Les Etats-Unis, qui ne sont pas compétitifs sur ce plan, s’appuient sur les forces armées des principaux pays africains, qu’ils entraînent à travers le Commandement Africa (AfriCom), leur principal instrument de pénétration dans le continent. Maintenant, entre en jeu aussi l’Otan qui est sur le point de conclure un traité de partenariat militaire avec l’Union africaine, dont sont membres 53 pays. Le quartier général du partenariat Otan-Union africaine est déjà en construction à Addis Abéba: une structure très moderne, financée avec 27 millions d’euros par l’Allemagne, et baptisée «Edifice de la paix et de la sécurité».(4)

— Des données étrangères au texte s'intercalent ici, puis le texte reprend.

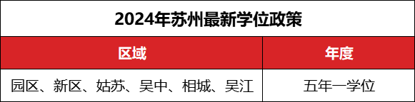 苏州目前六大区均执行“五年一学位”政策,其中园区在2023年12月20日发布学位新政,由“九年一学位”,调整为“五年一学位”,明确小学、初中分段计算,5年即可释放学位。

Pour nous, le Monde arabe ne réagira pas, car ces révoltes populaires ne sont pas coordonnées, et il est faux de parler de Monde arabe, car la boîte de Pandore ouverte risque de déboucher plutôt sur la partition des pays dits arabes. Nous l’avons vu avec la démocratie aéroportée en Irak, la partition du Soudan lors d’un référendum imposé à El Bechir. On parle déjà de Cyrénaïque rebelle, de particularisme amazigh dans tout le Maghreb jusqu’au Djebel Nefouça en Libye et à Siwaa en Egypte. Avec un rare cynisme, dans les pays occidentaux, on regrette le temps des colonies. Ce qui intéresse l’Occident, ce n’est certainement pas le bonheur des masses arabes mais le pétrole et là, tous les coups sont permis. Ainsi va le Monde.